Dana Lane Taylor. TS/IS Liberation. May 21, 2011. “First of all, the term transgender was coined by a transsexual-hating crossdressing male  named Charles Prince who wanted to separate himself from transsexuals. That fact alone sends shivers up our spines.”.

Things to note:
  • With the exception of O’Keefe (who is pursuing a different goal) all the Prince-coined-tg rants are in the US. Prince is just not that important in other countries. Note than in the UK, prominent transvestites Charlotte Bach, Yvonne Sinclair, Vernon Coleman write as if she never existed.
  • The earliest Prince-coined-tg claim that I found from a separatist is Kearny’s in 2006. I am actually surprised that the date is this late. If you do know of any earlier ones please tell us. 
  • Kearny and Cooke seem to be the major promoters of the separatist Prince-coined-tg claim, the others following their example.
  • Kearny and Cooke end up in de-facto collusion with Prince, Kimberleigh and Cook-Riley in giving Prince credit where she has no real claim.

The Parallelism of the Two Separatisms

I have previously posted Did Virginia Prince have Harry Benjamin Syndrome? Here I would like to simply iterate that both separatisms, Tri-Ess and HBS/CT/not-TG have the following in common:
  1. They dislike the gender non-conforming, and especially those who are blatant about it, and thus they are reasonably described as transgenderphobic
  2. Many, although not all, in both camps are uncomfortable with open homosexuality, and choose to ignore where gays, lesbians and trans have worked together, e.g for the Gender Recognition Acts.
  3. Both camps have a standard solution, and are critical of those who make different decisions. ‘Do it may way or not at all!’.
  4. Both camps credit Prince with coining ‘transgender’ when she did no such thing. 
  5. Prince maintained that transvestite and transsexual are two separate conditions, and are not on a continuum.  Many not-TG persons strongly agree with her. 
  6. Ekins, TG Prenomenon: 20 writes:  " too firmly rooted in an acceptance of the binary gender divide, and, in particular, often a very stereotypical and dated view of that divide".  He is writing of Prince, but could all too easily be writing of the not-TGs.
Certainly some of the not-TG people come across as continuing the work of Virginia Prince with only the very slight twist of being pro-surgery instead of anti-surgery.

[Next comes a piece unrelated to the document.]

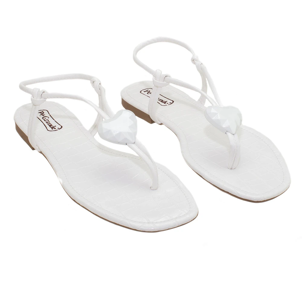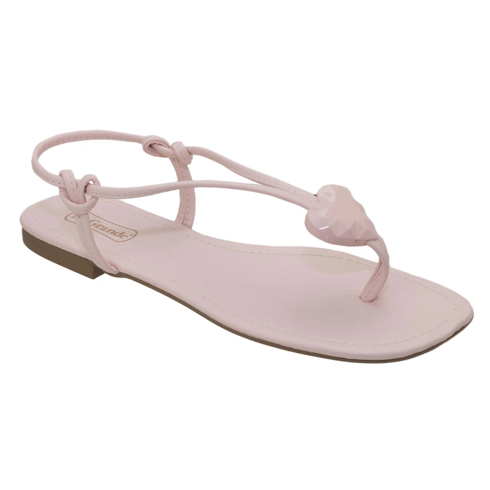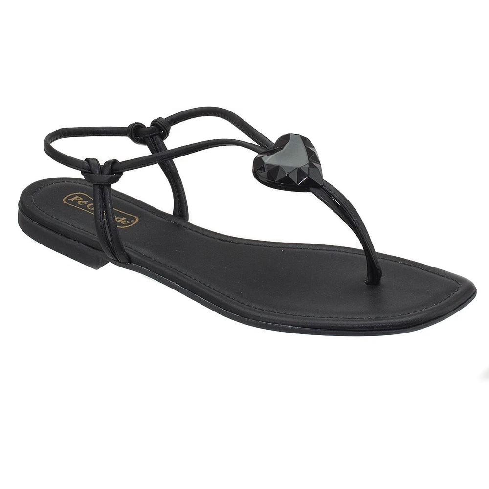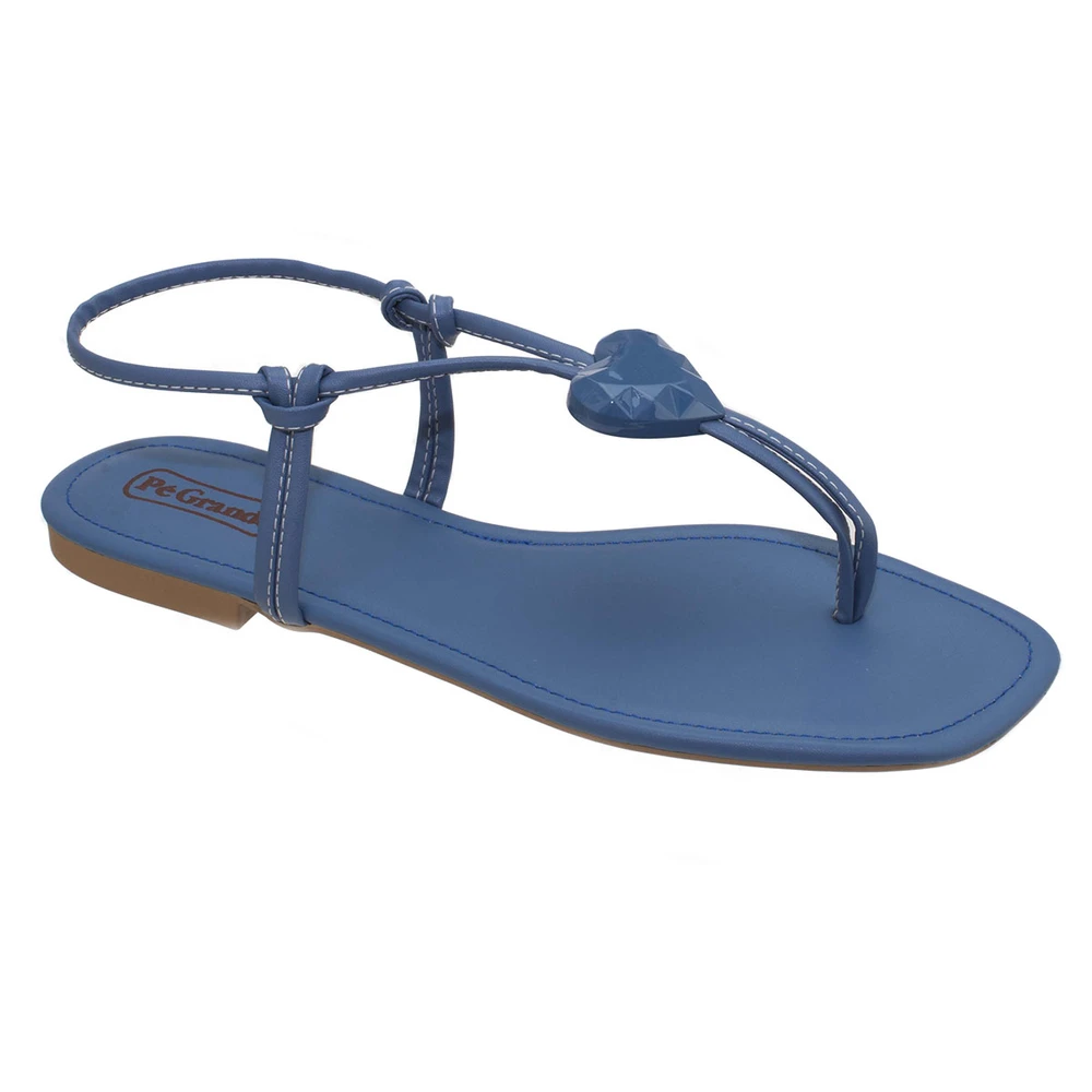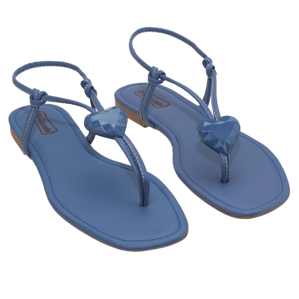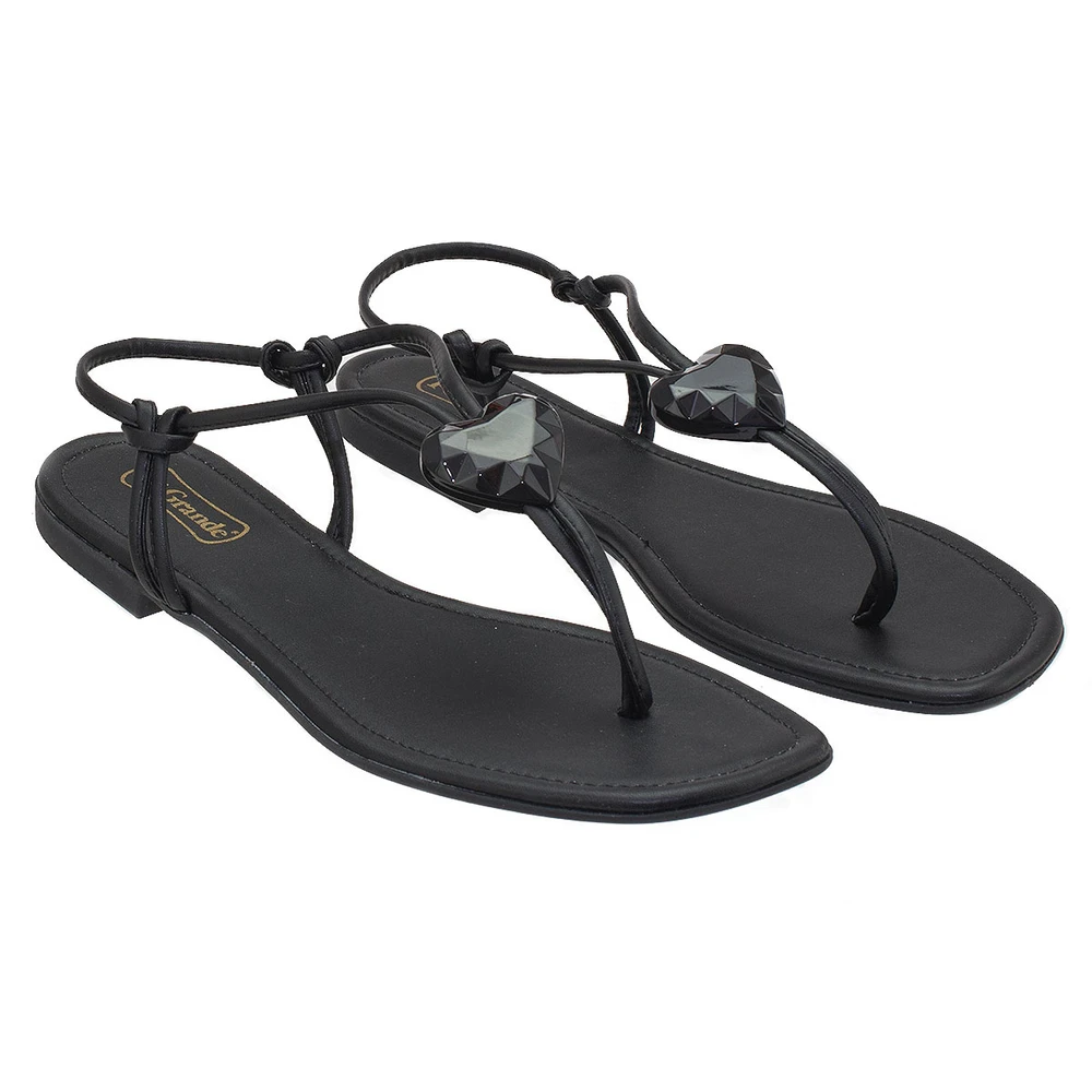 Rasteira em couro ecológico e tecido com solado em borracha antiderrapante.

What if the word ‘transgender’ is abolished?

Let us concentrate on meaning 1, which Benjamin called ‘non-surgical transsexual’. Plenty of trans persons do not mention whether they have in fact had surgery. Unless you see them naked, or are their doctor, you don’t know. What is the term for a trans person who may or may not have had surgery? If we are not to call them ‘transgender’ the word ‘transsexual’ will spread back to Benjamin’s usage, and surgery will be optional for transsexuals. Some people already use the word in this fashion.